Chapters 22, ‘Three Points in Time: How Values and Culture Affected My Life, Madness and the People Around Me’ and 23, ‘Recovery and Cultural Values: On Our Own Terms (A Dialogue)’, both by those with considerable personal experience of mental health issues , speak to the view of recovery adopted in values-based practice—recovering a good quality of life as defined by the values of (by what is important to) the individual concerned [3]. Cultural values as the narratives in these two chapters illustrate may have crucial roles to play in recovery so understood. Chapter 22, by David Crepaz-Keay, is autobiographical. David tells his own story of recovery and how this was influenced (positively or negatively) by the values of the cultures in which at different stages he found himself. Chapter 23, by Justine Keen and Richard Shaw, both members of a group in Bristol working on resources for co-production, is a transcript of an unscripted dialogue between its two authors. They compare notes on what has been important to them over the several years of their respective experiences of coping with mental health issues. The cultures in which they found themselves again emerge as being critically important.

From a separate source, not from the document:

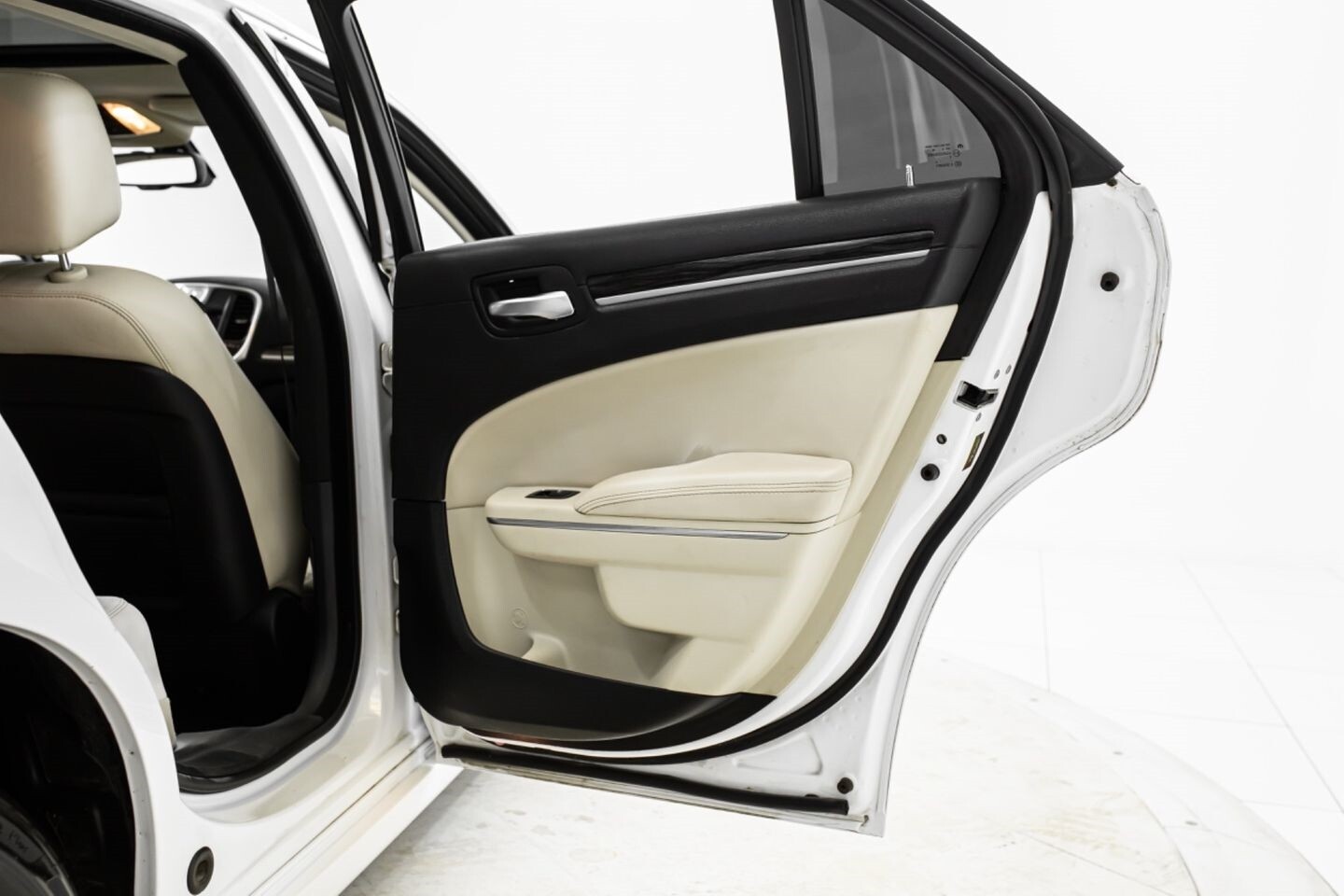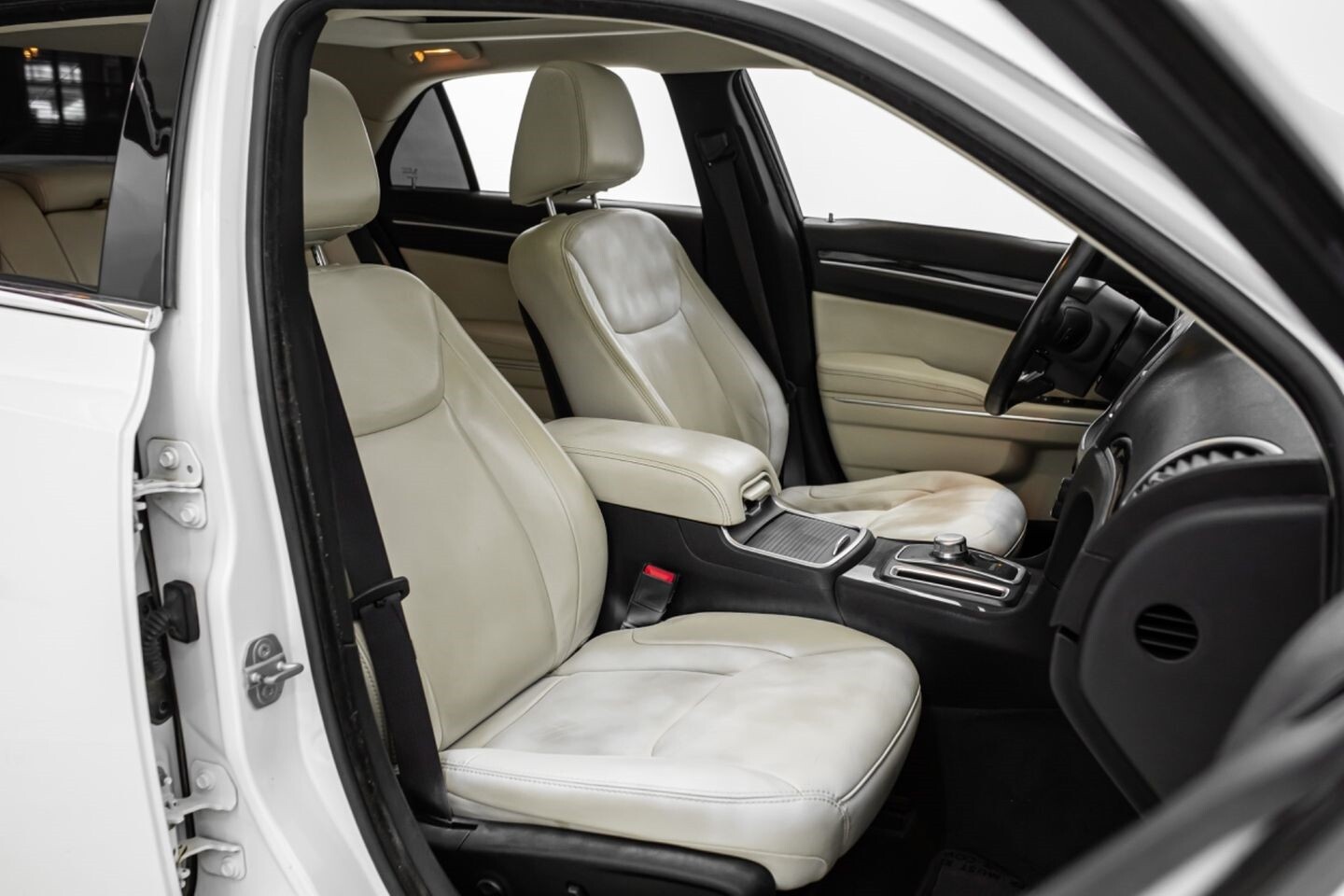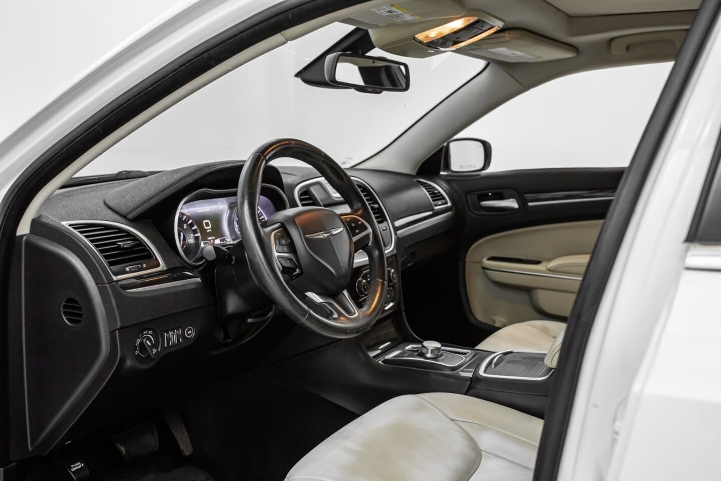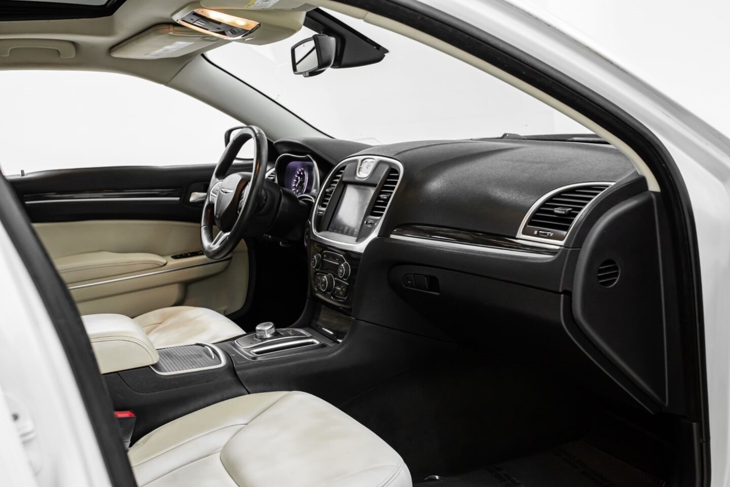 This 2016 Chrysler 300 Limited is a well-equipped sedan that is perfect for daily driving. Under the hood is a 3.6-liter V6 engine that produces 292 horsepower and 260 lb-ft of torque, all of which is sent through a eight-speed automatic transmission to the rear wheels. This sleek vehicle comes equipped with OEM 17" Chrysler wheels and is finished in Ivory Tricoat Pearl, a shining color that beautifully suits this vehicle's exterior. In the interior, this Limited-trimmed 300 offers heated leather seats, multi-zone A/C, wood interior trim pieces, a semi-digital gauge cluster, push-to-start, and an infotainment system with Bluetooth, navigation, apps, climate controls, phone connectivity, AUX, and a backup camera, truly making this car the complete package.

A shared message of these two chapters is that what is important for people with mental health issues (and hence important for recovery), is what is important for any of us, namely the cultural values represented by having friends, a home, and a role in life. Recovery is often equated with recovering independence. But as David Crepaz-Kay has argued in a different context [4], recovery should not be understood as ending with independence if this is defined by individual values such as those of autonomy. Independence so defined is indeed important but only as a step towards achieving the culturally enriched values of inter-dependence. There could be no stronger statement of the importance of cultural values as vectors of best practice in mental health.

6 Conclusions

This chapter has outlined how the contributions to Part III illustrate the role of cultural values as vectors of best practice in a number of key areas of contemporary person-centred mental health care. So long as they remain implicit and unacknowledged, cultural values (notably the cultural values of service providers) may act as inadvertent barriers to best practice. Made explicit, however, within the framework of a culturally enriched form of values-based practice, cultural values play a number of key roles in delivering best practice:

  • They extend the role of the multidisciplinary team in providing person-values-centred care

  • They provide novel support resources for dissensus (such as Bulgarian pluralism and the African indaba) in the context of shared clinical decision-making

  • They contribute substantively to the quality of life by which the very concept of recovery in contemporary mental health practice is defined

In Part II, we characterised the relationship between theory and practice in terms of a two-way partnership: just as theory informs practice, we said, so practice informs theory. Although not the focus of this Part, its constituent chapters nicely illustrate the many ways in which practice may inform theory. To take but one example from the philosophy of mind, the contributions to this Part, severally and together, provide a rich resource for philosophers interested in personal identity. The Oxford philosopher, Kathleen Wilkes, anticipated this in her seminal book ‘Real People: Personal Identity without Thought Experiments’ (Oxford, Clarendon Press, 1988). The resources for work on personal identity, moreover, represented by the contributions to this Part, point specifically towards a philosophically neglected but practically relevant aspect of the topic, namely the extent to which cultural values contribute to the formation and maintenance of personal identity over time.

In thus redirecting the focus of theory in this practically relevant way, cultural values show yet again their importance as vectors of best practice in mental health care.